Saltaba a la vista que Érik el Belga había encontrado en El Palo su lugar en el mundo. Lo conocí en el verano de 2012, en plena polémica por el robo del Códice Calixtino en la Catedral de Santiago de Compostela, por iniciativa de mi 'casi hermano' Francis Mármol, quien me embarcó en la aventura de ir a buscar al mayor ladrón de arte del siglo pasado por las calles del 'pueblo con mar' del este de la capital malagueña en el que respiraba el perfume a salitre como un vecino más.

Mi compañero de viaje en tantas andanzas insistió en que no haría falta una cita previa para entrevistarlo. Que preguntaríamos por él en un par de bares y terminaríamos deslumbrados ante un orador tan interesante como habilidoso. Y así fue. Francis sabía de lo que hablaba.
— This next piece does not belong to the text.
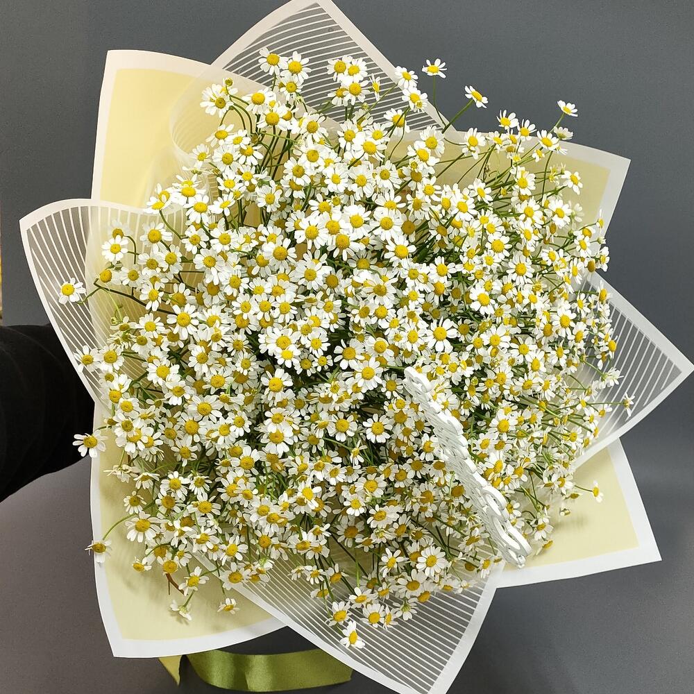 Матрикария – 21 шт.Пленка матовая – 1 шт.Лента атласная – 1 шт.Топпер – 1 шт.
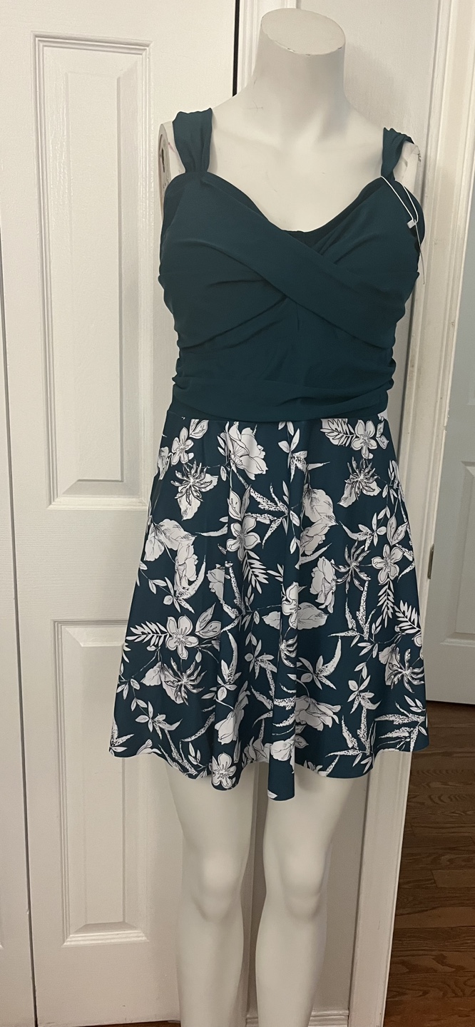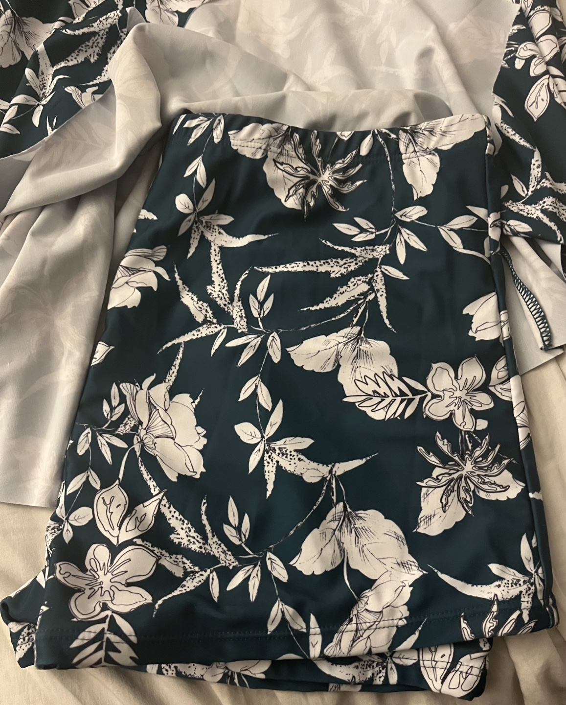 Beautiful green floral two-piece set — includes a swim dress and matching shorts. Perfect for the beach or pool! Never worn, excellent quality, and flattering fit.

Nada más llegar a Echeverría del Palo, encontramos a Érik y, en cuanto nos instalamos en una cafetería, se le acercó una mujer y le dijo con confianza: «Érik, me has decepcionado, y yo que pensaba que el Códice lo tenías tú...». A partir de ahí, nosotros también sentimos que lo conocíamos de casi toda la vida y con una cariñosa complicidad se puso a hablar sin tapujos de lo que estaba sucediendo en Galicia, que a sus ojos era lo más parecido «a una película de Pedro Almodóvar». Antes de regalarnos un titular con cierta mordiente narcisista y socarrona -«Si el Códice Calixtino lo robo yo, no lo hubiera encontrado nadie nunca»- llegó incluso a meterse en el pellejo del electricista catedralicio al que se le había atribuido aquel hurto: «Es fácil aprovechar la circunstancia. Yo, en su momento, aproveché las circunstancias de este país para ir a por las obras. Y él tuvo la circunstancia de estar ahí, en la Catedral de Santiago, como en su casa. Y seguro que hubo cierta complicidad o tolerancia para que hiciera lo que ha hecho...».

Un tiempo después de las tertulias improvisadas que desembocaron en valiosas entrevistas sacudidas por el ciclón dialéctico de sus testimonios, Érik me reconoció una tarde en una terraza de su hábitat paleño en la que yo merendaba gin tonics con mi paisano y fiel amigo Antonio Escudero. Tras saludarnos, compró un par de paquetes de tabaco y los aportó a aquella mesa a la que se sumó, espontáneo, para desplegar una de esas exhibiciones que lo delataban como un maestro en el arte de hablar sobre uno mismo.

Su conversación solía destilar una trepidante mezcla, entre todo lo que fue y lo feliz que era pintando a orillas del Mediterráneo, en ese preciso instante en el se había sentado a charlar contigo. A la vez que arrastraba sin renegar a ella la controvertida estela de su pasado, Érik el Belga se aferraba al presente como un niño disfrutón y travieso que había eternizado su sonrisa a lomos de ese tiovivo redentor que viene a ser la vida misma.